Watching Dorian Burnell compete at last week’s Pioneer Athletic Conference Track & Field Championships turned more than a few heads and garnered lots of non-partisan cheers, though few outside the Boyertown contingent knew the back story.
Burnell, a sophomore at Boyertown High, is a member of the Bears’ track & field team. He is also a wheelchair athlete.
Burnell was born with Spina bifida, a birth defect where there is incomplete closing of the backbone and membranes around the spinal cord.
Burnell has been participating in track for two years.
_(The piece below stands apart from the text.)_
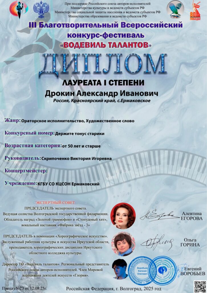 - Диплом лауреата I степени в той же номинации — Дрокин Александр Иванович, зачитавший авторские стихи “Держите тонус, старики”.

He does so with the use of a hand-powered bicycle.
“I had three personal bests today (last Friday),” Burnell said after competing in the 100, 200 and 400. “That’s the goal, to just run faster.”
It was a banner day for the Bears’ athlete after being limited this season following an operation.
Since the PIAA regulates track & field and all other sports’ postseason competitions, Boyertown made a special request to have Burnell participate at the league championship meet.
“The PAC voted him in to come here,” said veteran Boyertown boys track and field coach Jon Zellers. “He deserves it.”
Participating in track isn’t Burnell’s only athletic pursuits – ‘This is one of my many sports,” he said.
Among the other sports is sled hockey, where is a member of a national-caliber contingent.
“I started (hockey) in seventh grade. This will be my fourth year,” Burnell said. “I always was in cycling.”
The Burnell family has always lived in the Boyertown area.
“I got my bike from a group IM ABLE (Foundation) in Reading,” he said. “I can go bigger. Right now, I have a youth bike.”
The Wyomissing-based IM ABLE Foundation seeks to remove obstacles that prevent people affected by disabilities from being physically active by providing grants, resources, fitness opportunities and motivation. Burnell is a grant recipient of the foundation that was created by Chris Kaag in 2002.
Dorian would like to continue competing as a wheelchair athlete as long as he can. But he also harbors long-range plans in terms of a career path, too.
“I want to go into Orthodontic Prosthetics,” said Burnell.